Romance is a socially constructed category that was developed relatively recently to describe particular kinds of loving relationships. I have yet to see an argument from Scripture or Holy Tradition that prohibits romance between two people of the same sex, even within the most traditional, historical versions of Christian sexual ethics.

At what point do forms of tenderness, compassion, closeness, and mutual delight become “romantic”? I think we do ourselves a disservice if we connect every form of romance to sexual intimacy. In my own partnership, the attraction I experience to Kyle can’t be reduced to genital desire. I crave to be in union with him in heart and mind. I want to steward my affection in a way that helps us delight in one another the way Christ delights in us. When I hear conservatives balk at the idea of celibate romance, it seems that they believe Paul’s “holy kiss” just wasn’t meant for us.

Same-sex romance isn’t exclusive to living a life of chastity. I see romance when Kyle and I walk in the park holding hands or when he places his hand on my knee as I’m being comforted. I feel excitement when he takes me out to a new place for dinner. I sometimes give him a peck on the cheek and say that I love him. You might call these acts of “romance”, but they are, most importantly, ways in which we sustain one another amidst the challenges of celibate couplehood.

I wonder if we’ve associated celibacy with isolation for far too long which makes this idea seem radical. The reality is that most of us have basic needs: to be held, to be loved, and to be desired. Rather than eschewing these things entirely because temptation might occur, we need to reorient our desires to be ones of holy affection for our friends and partners. We can say no to using our friends for sexual objectification and say yes to loving them.

An Episcopal priest named Fr. Mac Stewart says it best:

“Perhaps there is room for a kind of romance with our beloved friends: doing for one another the little deeds of affection that we often associate with a lover wooing his or her espoused, things like writing letters that affirm the beloved’s virtues and beauty, attending carefully to the things that delight their soul. . . That we have a hard time imagining romance outside of relations of closeness that are consummated in sexual intercourse may simply be a mark of how far we have fallen from our created glory.
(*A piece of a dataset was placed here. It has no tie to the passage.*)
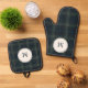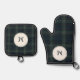 Elegant Navy Blue and Green Plaid Monogram Oven Mitt & Pot Holder Set

Was not the whole created order supposed to be the scene of one cosmic romance?”

Fostering romance within my partnership enables me to think imaginatively about the tenderness I am called to give others. Kyle isn’t the only man who can receive my “holy kiss”. Our celibate vocation can serve as a reminder of this great cosmic romance Jesus calls every person into.

Holy Spirit, you are the fountain of life. Instill in us the belief that every human being is created for tenderness, belonging, and love. Enable us to engage in chaste expressions of emotional, spiritual, and physical affection. Reorient our minds to love our bodies. We ask this in the name of the Father, Son, and Holy Spirit. Amen.